In a nutshell, effects can be -- as Cindy said -- direct to the fetus through external exposures or through maternal pathways. It can also be through damage to the father's sperm. My hunch in reading the results of the latest paper published on this is that it's a combination of the first two. There is a direct link through the maternal hormonal axis pathways from the pituitary gland in the brain, likely affected by cell phone exposures, that influences just about everything that occurs in pregnancy. The period of organogenesis when most fetal organs are forming is within the first three months. The brain stem and central nervous systems are all forming then. Damage from any number of environmental insults during that very vulnerable period can have large consequences down the road. The central nervous system and brain continue to develop throughout the 9-month gestation but most CNS structures and fine nerve pathways are formed by the end of the first trimester.
There are concerns not only for environmental EMF/RF exposures but also for prenatal ultrasound now done routinely during the first trimester. The original ultrasound technology used a different sound wave pattern than today's Doppler systems. Little work has been done to distinguish the effects from these different wave forms but Doppler to some extent mimics phased array signals, sending sound waves in shot bursts toward fetal tissue from many different angels and time sequences. I have long suspected that the rise in autism might be directly related to the introduction of Doppler ultrasound in routine obstetrical practice. That's when the rates started to skyrocket.
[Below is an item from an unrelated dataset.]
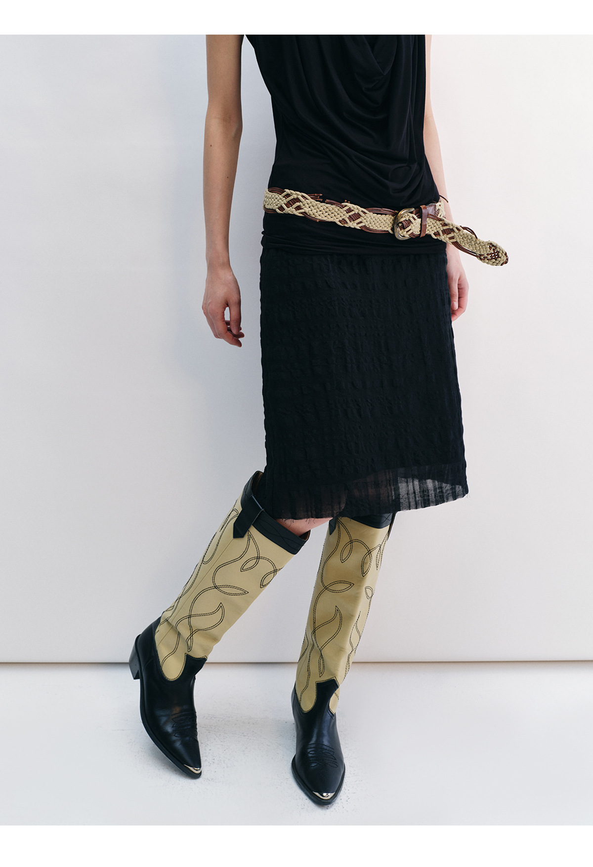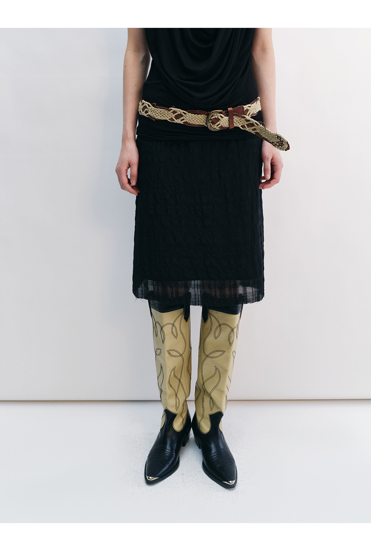 [시간 인식] 새로운 리넨 텐셀 피부 친화적 인 통기성 자카드 질감 기술 솔리드 컬러 모피 가장자리 스커트 여성 V8732스토어 가기

Some forms of autism respond to a restructuring of sound in certain therapeutic applications which raises the question -- is abnormal sound sequencing and/or the concussive impacts of early ultrasound partly responsible for autism to begin with?
Other potential pathways of fetal damage are through stress hormones to both mother and fetus, the potential amplification of exposures in conductive amniotic fluid, and of course cytokenes and inflammatory responses as Cindy noted. Stress hormones are also know to affect fertility. Wrote about that in my third book...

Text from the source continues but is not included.